Educators have often hesitated in using the novel in teachings due to the terms, so the new edition – brought to the publisher by Auburn University English professor Alan Gribben – is a version that is hoped to be welcomed into more classrooms since the terms are substituted out.

Gribben said in a New York Times article Jan. 4 that he was worried that “Huckleberry Finn” had fallen out of favor with many teachers and “wanted to offer an edition that is not for scholars, but for younger people and general readers.”

Many have called the idea a move of censorship while others have praised the decision. Teachers are speaking out from both sides. There are some who have even suggested leaving the novel for college and university literature classes where a more “mature” audience will study the material. While we understand why many see the change as a great opportunity to secure the novel’s place in high-school classrooms, we can’t help but wonder what price we are paying for that opportunity.

The work is many things – a look at the social structure during the time period as well as a satirical adventure of a young, wayward boy in the south – but is it not a novel meant to be controversial for its choice of wording?

What message do we send out to writers, new and experienced, with this new printing? It’s OK to write what you want, but don’t expect to get your message across to audiences if it offensive?

We can’t help but find this slightly unnerving. Yes, the words are not what make the novel, but as any writer will tell you, words are chosen for a reason. Considering the time period that Twain was portraying and the society of the late 1800s along the Mississippi River, it is important to realize that these words fit into his prose for a reason. They are not only important because they tell his story, they are important because he wrote them.

To change the classic novel because of offensive words is a big step to make. Especially since the reason many back the change is because they don’t want to expose teenagers to “offensive name calling.” If that is the case, why has the novel not been altered to change speeches with horrible grammatical structure? Many can see the novel as difficult to read solely for the reason that Huck and other characters are not educated, which is reflected in their speech and often makes dialogue difficult to understand.
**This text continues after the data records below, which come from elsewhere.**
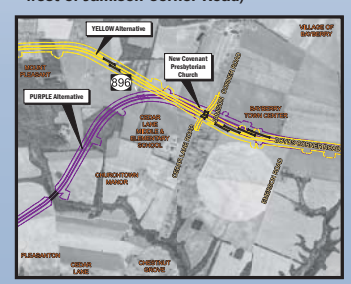
WENDOW and BURBUE-SBUR
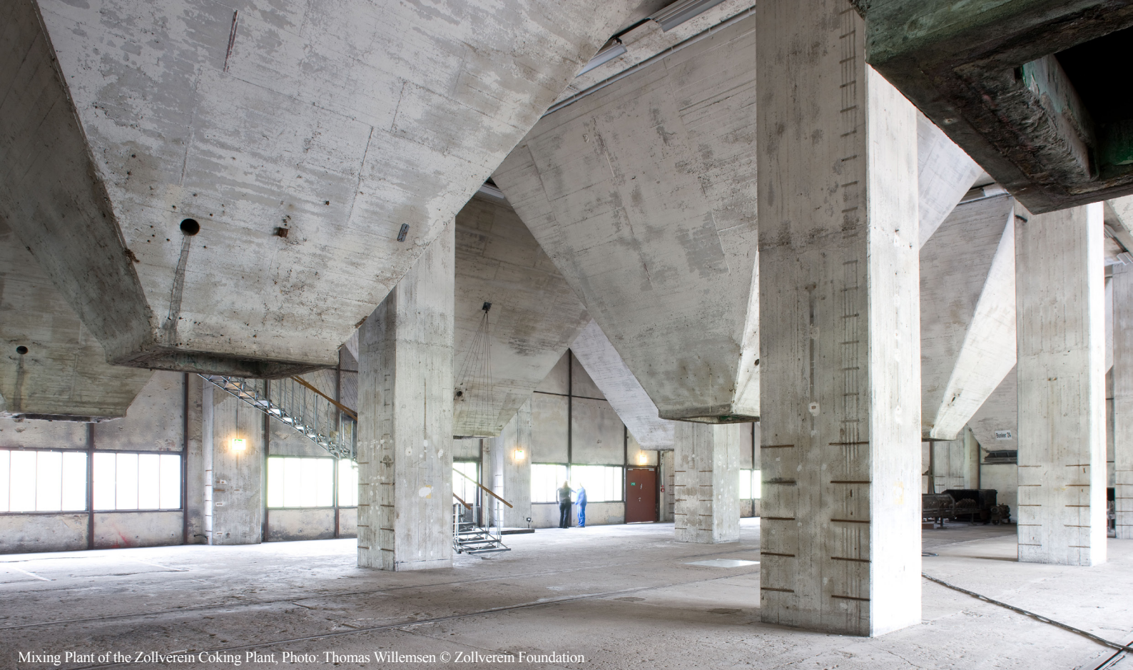
Mixing Plant of the Zollverein Coking Plant, Photo: Thomas Willemsen © Zollverein Foundation
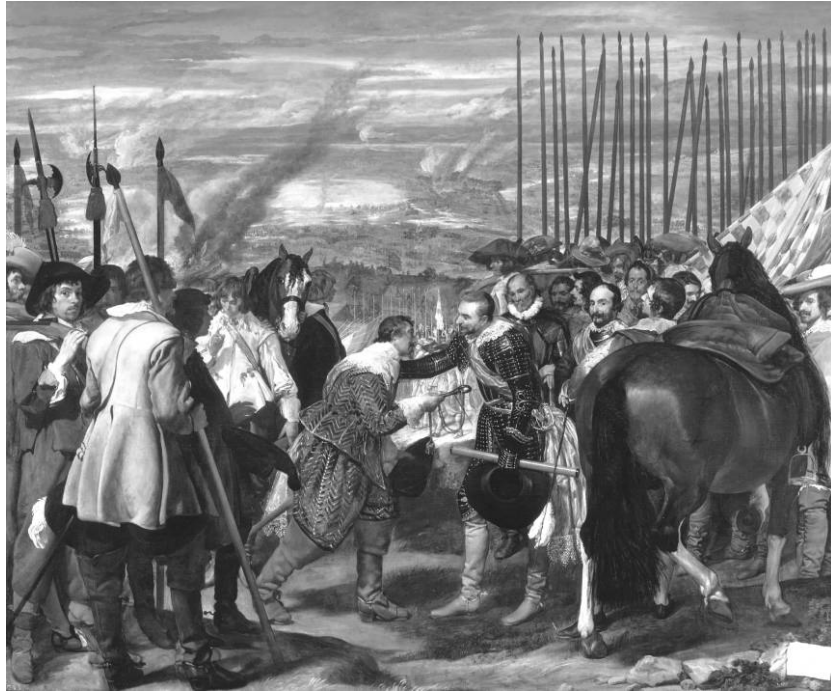
FIG. 1.— The Surrender of Breda by Diego Velazquez

event, are unsettled by their own internal complexities and by the inevitable handings-off from one informing to another. Narratives of rise and fall, history paintings of surrenders, and maps with royal seals or governmental imprimaturs alike harbor their own ambiguities and participate in complex networks of promises, oaths, agreements, signatures, treaties, prayers, and diaries. Even as these genres provide the material for the representations, demonstratives, and performatives that direct the traffic of events, their shape takings should not be reified. A general theory of the restlessness of events must account for the continuous transformations of events, as actions and interpretations unfold across time, space, diverse media, and variably receptive publics. It must, as well, be able to account for the discontinuous stopping points as events take recognizable shape as “entities.”
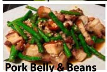
Pork Belly & Beans
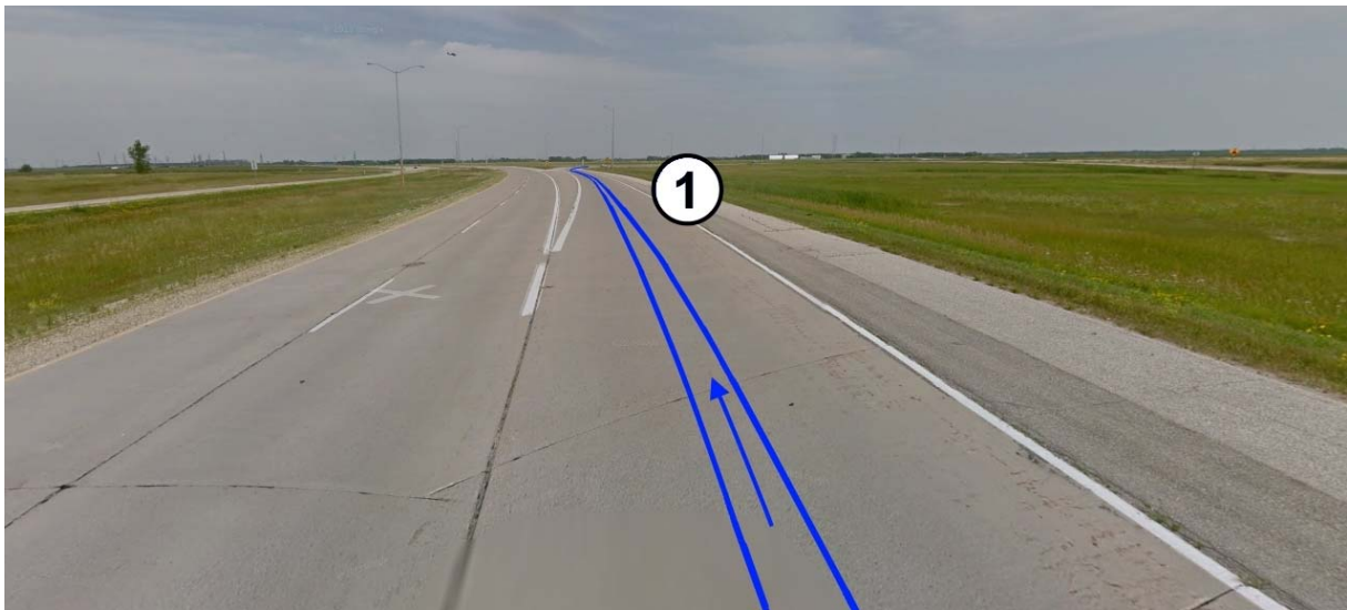
Figure 2 – Take the exit from Hwy 8 onto Hwy 230 (aka McPhillips Rd)
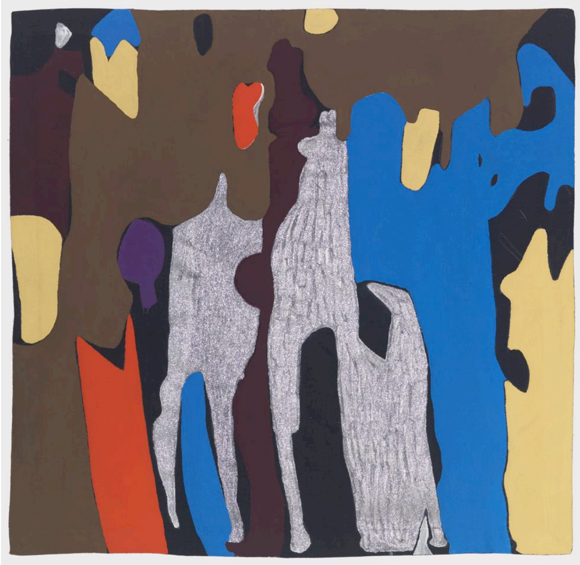
a flag, 2009

Acrylic, pencil on cotton, 19.5" x 19.5"
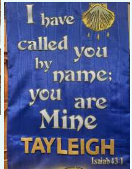
Our new baptism banner
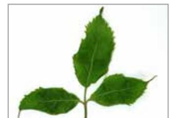
Figure 2. Stunted leaflets with interveinal puckering caused by eriophyid mites ( Phylloctptes n. sp. ).

Written by Michele Warmund , State Fruit Specialist, Division of Plant Sciences
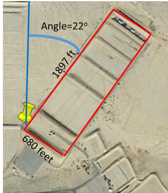
Figure 4-1: Example of Fugitive release point parameters
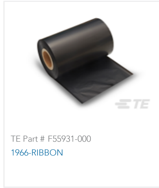
TE Part # F55931-000 1966-RIBBON
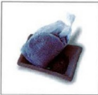
Caltrop ( bai ji li )
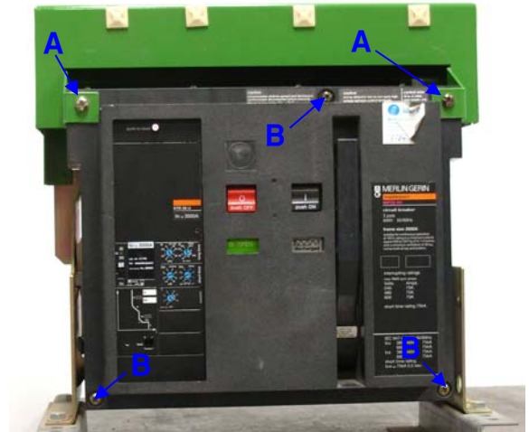
FIGURE 1, FRONT VIEW OF BREAKER
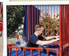
Dr. Fluid Loving the Cold Water!
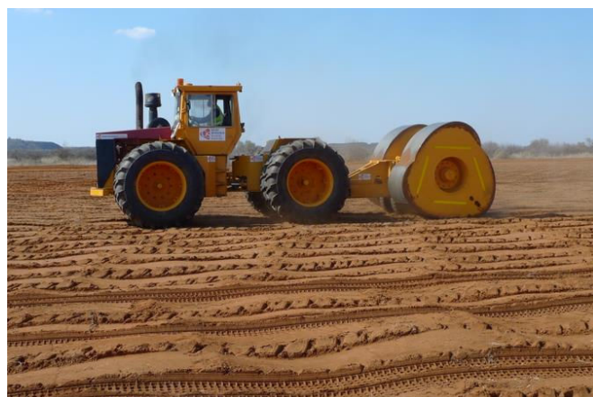
Impact compaction of the Kalahari Sands
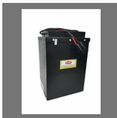
Lithium Ion Battery
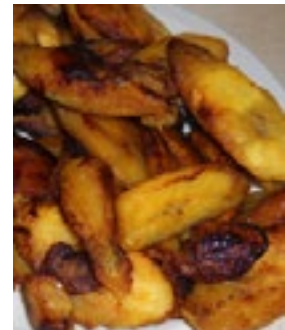
Jollof Rice, Bean Cakes, and fried Plantain
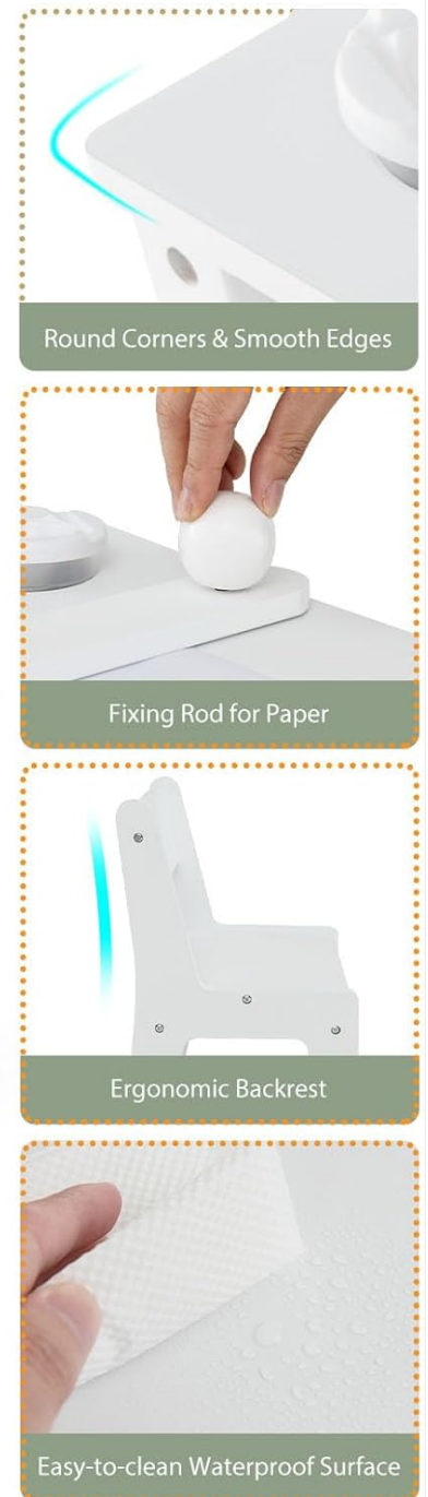
Image: A composite image highlighting key features: round corners and smooth edges for safety, a fixing rod for the paper roll, an ergonomic backrest on the chairs, and the easy-to-clean waterproof surface of the table.
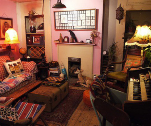
studio 180 - the lounge - 2012
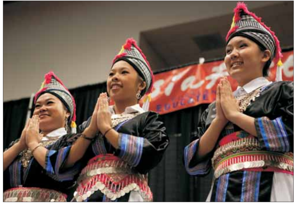
FACES OF ASIAFEST. The AsiaFest 2009 entertainment stage featured many performers, including (clockwise from top left) the Portland Art & Cultural Center Dance Team, the Hmong Sunflower Dancers, the Cambodian Dance Troupe, and the Natasinh Sao Lao of Oregon Dance Team. The Kids' Area was a popular destination for people of all ages. The area featured (counterclockwise from bottom left) a basketball shooting game; face, hand, and arm painting; crawl-through tunnels; art and craft activities; and more.

Why doesn’t a publisher change that?

“The Adventures of Huckleberry Finn” has been on bookshelves for more than 100 years. Many attempts have been made to “clean it up” or “fix it,” but still the novel endures. We hope teachers, schools, publishers and everyone realize what they are doing when they suggest such a change.

Rather than teach students that it’s OK to use offensive names, we believe the novel expresses a belief that such treatment of others based on skin color or their economic status is wrong. We as parents, teachers and community members can reinforce these teachings. And this can be done without altering Twain’s classic. To change it might not only do a disservice to the beloved author, but to our students as well.